## Task to complete:
Give back the entries that follow exactly as written. Any picture gets left out.

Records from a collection
——

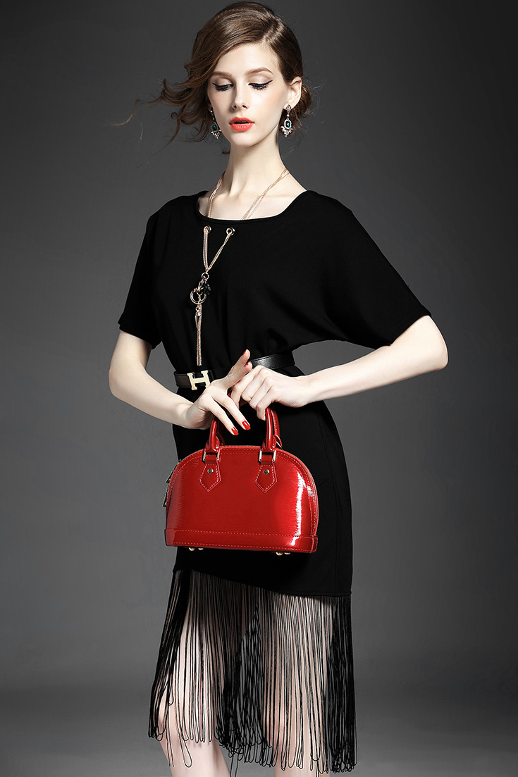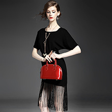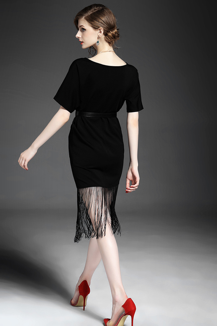 > 2015欧美大牌纯色圆领短袖流苏拼接弹力修身包臀一步裙夏送腰带
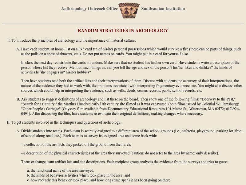 Students participate in a three-part archeological interpretation activity. First, they learn the principles of archaeology and the importance of material culture, and then they question ideas and interpret artifact evidence. Finally,...
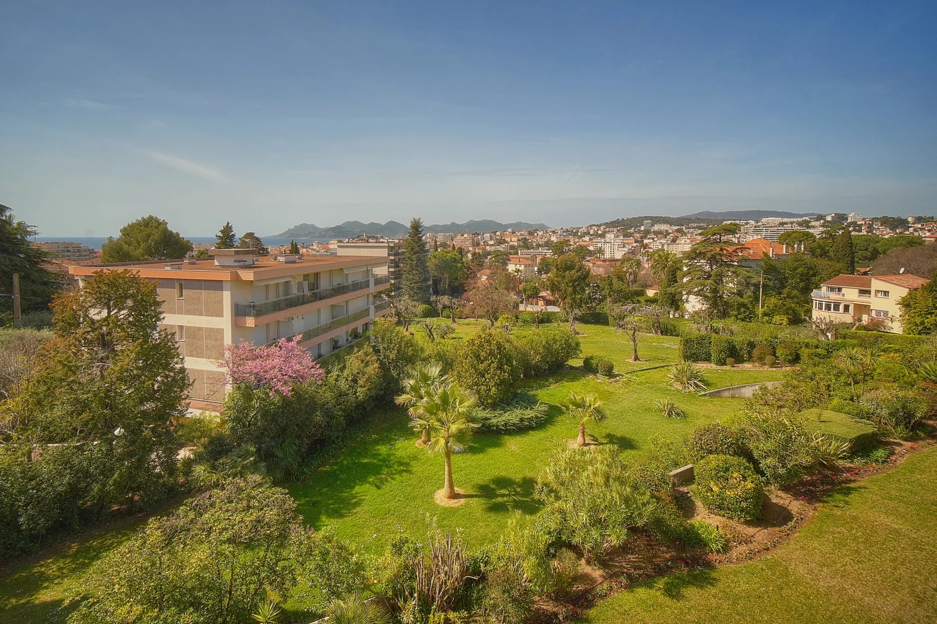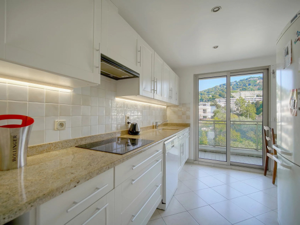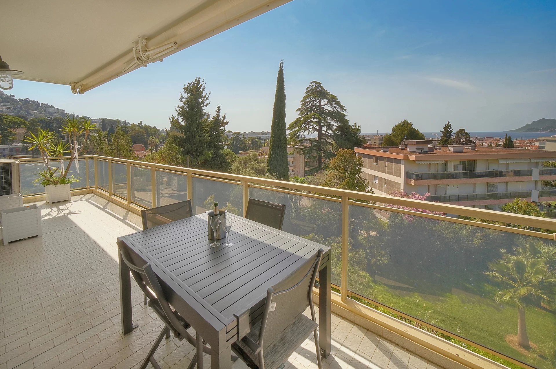 a third bedroom opening onto a second north-facing terrace, offering a unique panorama of the heights of Cannes and the Californie district.
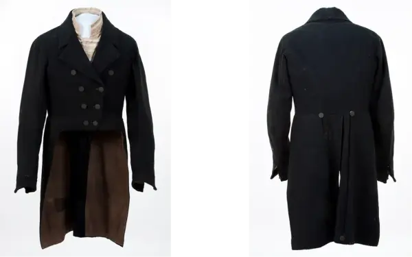 Frakken, som vestene og buksen nedenfor, stammer fra Gåvim i Ås. Ole Helgensen Gaavim (1774–1842) har trolig brukt frakken. Den er figursydd med avskåret live foran og langt ryggstykke som ender i to skjørt.
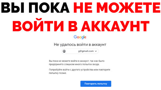 Вы пока не можете войти в аккаунт Гугл слишком много попыток входа
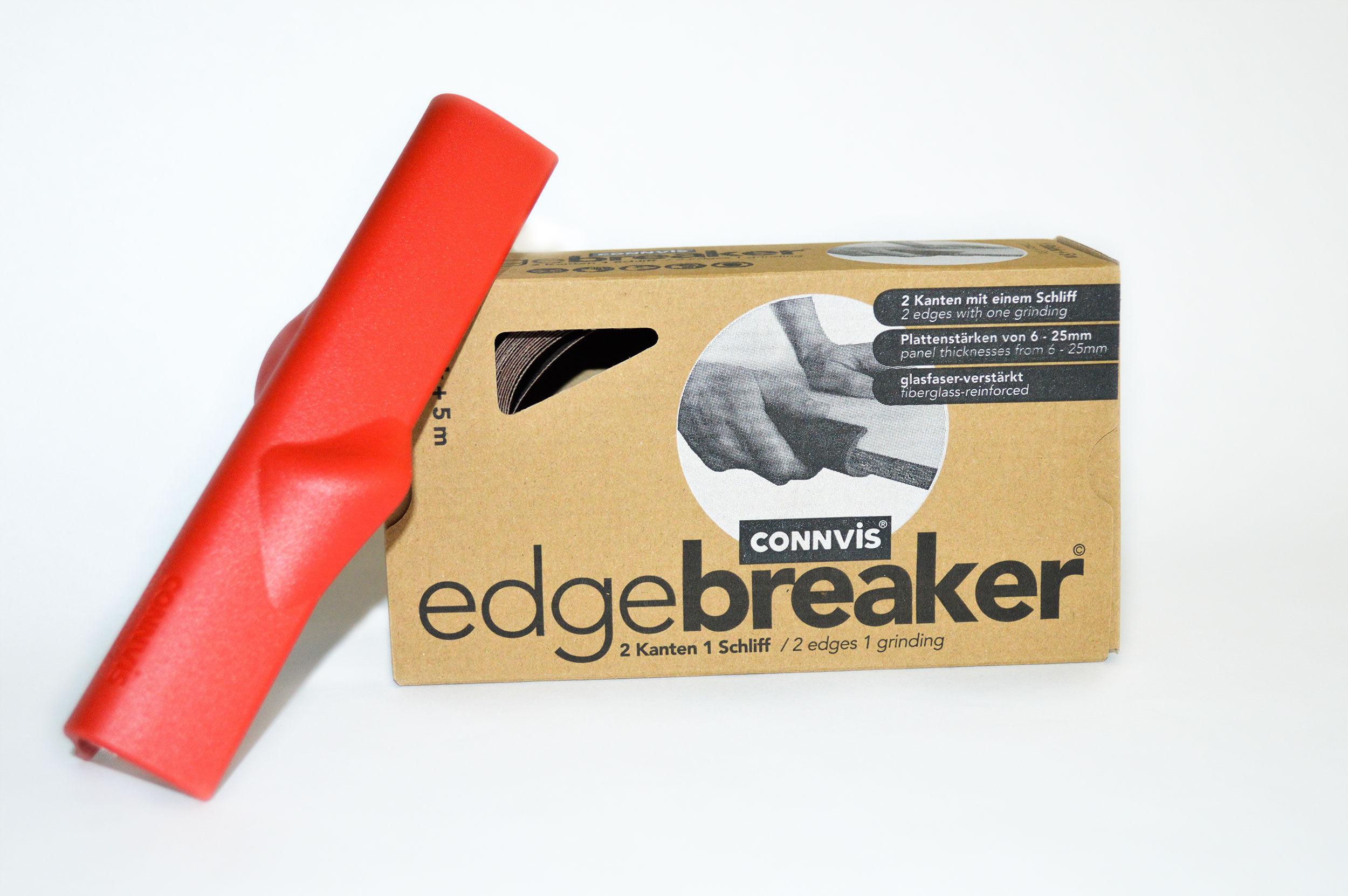 Für Plattenstärken von 6-25mm ist unser ergonomisch gestaltetes Produkt perfekt. Ob Möbelbau, Holzbearbeitung oder DIY-Projekt; der connvis Edgebreaker ist die ideale Lösung zum Entgraten, Kantenbrechen und Schleifen von Holzplatten, MDF oder Multiplex.
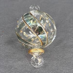 Set of 2 delicate hand-blown glass ornaments, clear with iridescent aqua green & purple each hand-decorated with gold spiral striping and raised dot details, loop tops for hanging, and matching glass finial bottoms. Includes original Egyptian Museum Store Cairo gift boxes.
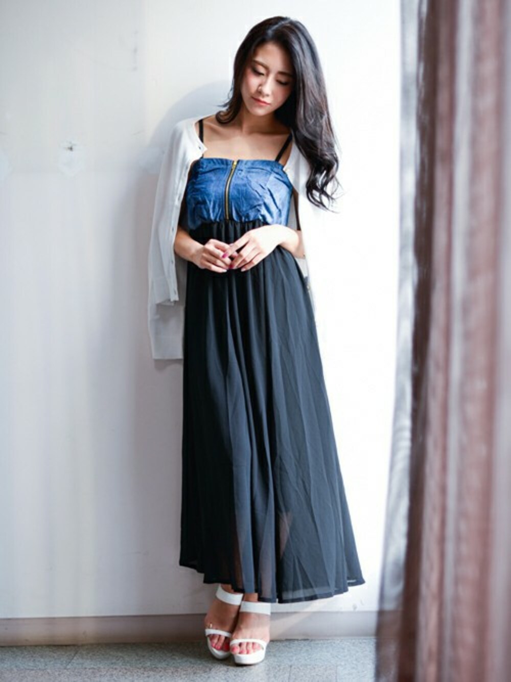 ビスチェ風デニムにマキシスカートがドッキンング☆ 胸のシャーリングがStyle魅せ効果抜群!! またスカート部分はふんわり揺れてエアリーなジョーゼットで高級感を演出 肩紐は長さ可能 さらに肌ざわりの良い裏地付きで着心地も抜群♪
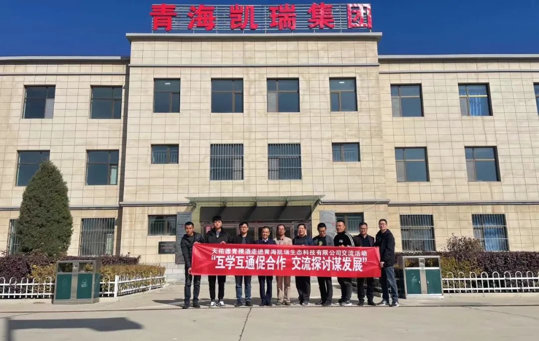 10月28日上午,天佑德青稞酒公司营销中心海东大区总监刘鹤财,营销中心行政部部长赵国维一行4人走进青海凯瑞集团,开展以“互学互通促合作 交流探讨谋发展”为主题的交流活动。青海凯瑞集团办公室主任吴少波,厂长徐汉伟全程陪同参观交流。
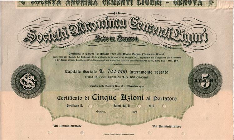 Profilatura dai tratti sinuosi di ispirazione Liberty, logo del cementificio creato a Genova nel 1907. Proprio la prima decade del XX secolo vide la nascita e lo sviluppo in Italia, soprattutto nel Monferrato piemontese e in Liguria, dell’industria cementiera per trasformare il calcare e la marna estratti dalle cave in calce, cemento e derivati.
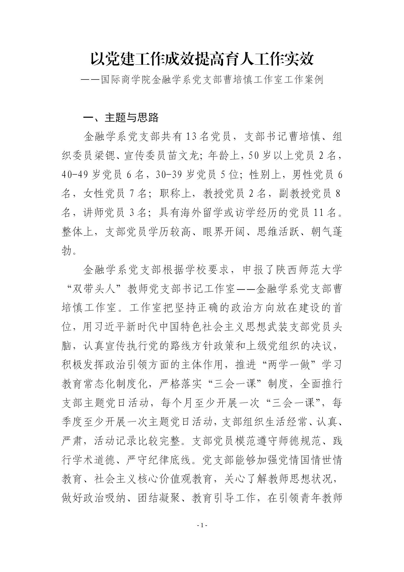 以党建工作成效提高育人工作实效——365英国上市集团金融学系党支部曹培慎工作室工作案例
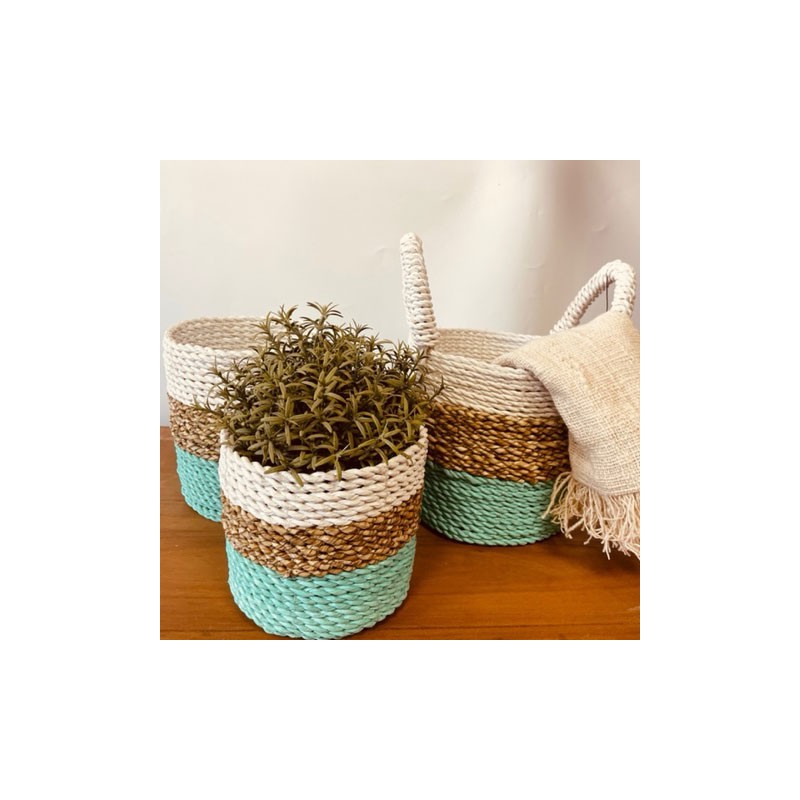 Seagrass Basket Set - Green / Natural / White is perfect for displaying your products, multi-functional baskets are handwoven and add a genuine earthy look to any space.
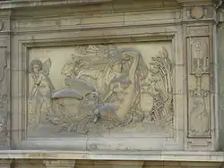 The fountain is composed of a bas-relief sculpture raised on a pedestal, between two pilasters with a pediment on top. An eagle, wings outspread and holding a crown of laurel, once decorated the pediment; it represented Napoleon's empire. The pilasters are decorated with sculptures of two intertwined dolphins: the one on the right around a ship's help, and the one on the left around a trident.
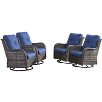 Hummuh Outdoor Swivel Rocker Wicker Patio Chairs High Back Pe Rattan Glider Chairs 4Pcs Patio Furniture Set(Grey,Blue)
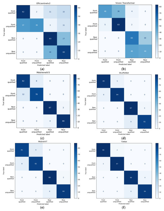 Confusion matrix of defective glass bottle classification results for various network structures. (a) EfficientNetV2; (b) Vision Transformer; (c) MobileNetV3; (d) ShuffleNet; (e) MobileViT; (f) TIANet.
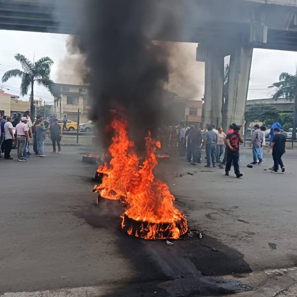 Imagen de llantas quemadas para cerrar la avenida 25 de Julio, en el sur de Guayaquil.( )
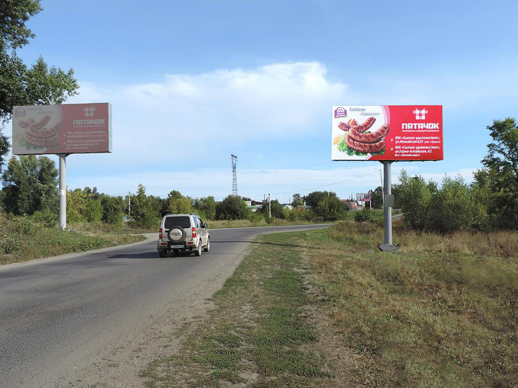 - Описание рекламной конструкции: Рекламная конструкция расположена на одной из ведущих автомобильных дорог г. Бийска, въезд в центр города со стороны курорта Белокуриха.

——

## Final answer:
 > 2015欧美大牌纯色圆领短袖流苏拼接弹力修身包臀一步裙夏送腰带
 Students participate in a three-part archeological interpretation activity. First, they learn the principles of archaeology and the importance of material culture, and then they question ideas and interpret artifact evidence. Finally,...
 a third bedroom opening onto a second north-facing terrace, offering a unique panorama of the heights of Cannes and the Californie district.
 Frakken, som vestene og buksen nedenfor, stammer fra Gåvim i Ås. Ole Helgensen Gaavim (1774–1842) har trolig brukt frakken. Den er figursydd med avskåret live foran og langt ryggstykke som ender i to skjørt.
 Вы пока не можете войти в аккаунт Гугл слишком много попыток входа
 Für Plattenstärken von 6-25mm ist unser ergonomisch gestaltetes Produkt perfekt. Ob Möbelbau, Holzbearbeitung oder DIY-Projekt; der connvis Edgebreaker ist die ideale Lösung zum Entgraten, Kantenbrechen und Schleifen von Holzplatten, MDF oder Multiplex.
 Set of 2 delicate hand-blown glass ornaments, clear with iridescent aqua green & purple each hand-decorated with gold spiral striping and raised dot details, loop tops for hanging, and matching glass finial bottoms. Includes original Egyptian Museum Store Cairo gift boxes.
 ビスチェ風デニムにマキシスカートがドッキンング☆ 胸のシャーリングがStyle魅せ効果抜群!! またスカート部分はふんわり揺れてエアリーなジョーゼットで高級感を演出 肩紐は長さ可能 さらに肌ざわりの良い裏地付きで着心地も抜群♪
 10月28日上午,天佑德青稞酒公司营销中心海东大区总监刘鹤财,营销中心行政部部长赵国维一行4人走进青海凯瑞集团,开展以“互学互通促合作 交流探讨谋发展”为主题的交流活动。青海凯瑞集团办公室主任吴少波,厂长徐汉伟全程陪同参观交流。
 Profilatura dai tratti sinuosi di ispirazione Liberty, logo del cementificio creato a Genova nel 1907. Proprio la prima decade del XX secolo vide la nascita e lo sviluppo in Italia, soprattutto nel Monferrato piemontese e in Liguria, dell’industria cementiera per trasformare il calcare e la marna estratti dalle cave in calce, cemento e derivati.
 以党建工作成效提高育人工作实效——365英国上市集团金融学系党支部曹培慎工作室工作案例
 Seagrass Basket Set - Green / Natural / White is perfect for displaying your products, multi-functional baskets are handwoven and add a genuine earthy look to any space.
 The fountain is composed of a bas-relief sculpture raised on a pedestal, between two pilasters with a pediment on top. An eagle, wings outspread and holding a crown of laurel, once decorated the pediment; it represented Napoleon's empire. The pilasters are decorated with sculptures of two intertwined dolphins: the one on the right around a ship's help, and the one on the left around a trident.
 Hummuh Outdoor Swivel Rocker Wicker Patio Chairs High Back Pe Rattan Glider Chairs 4Pcs Patio Furniture Set(Grey,Blue)
 Confusion matrix of defective glass bottle classification results for various network structures. (a) EfficientNetV2; (b) Vision Transformer; (c) MobileNetV3; (d) ShuffleNet; (e) MobileViT; (f) TIANet.
 Imagen de llantas quemadas para cerrar la avenida 25 de Julio, en el sur de Guayaquil.( )
 - Описание рекламной конструкции: Рекламная конструкция расположена на одной из ведущих автомобильных дорог г. Бийска, въезд в центр города со стороны курорта Белокуриха.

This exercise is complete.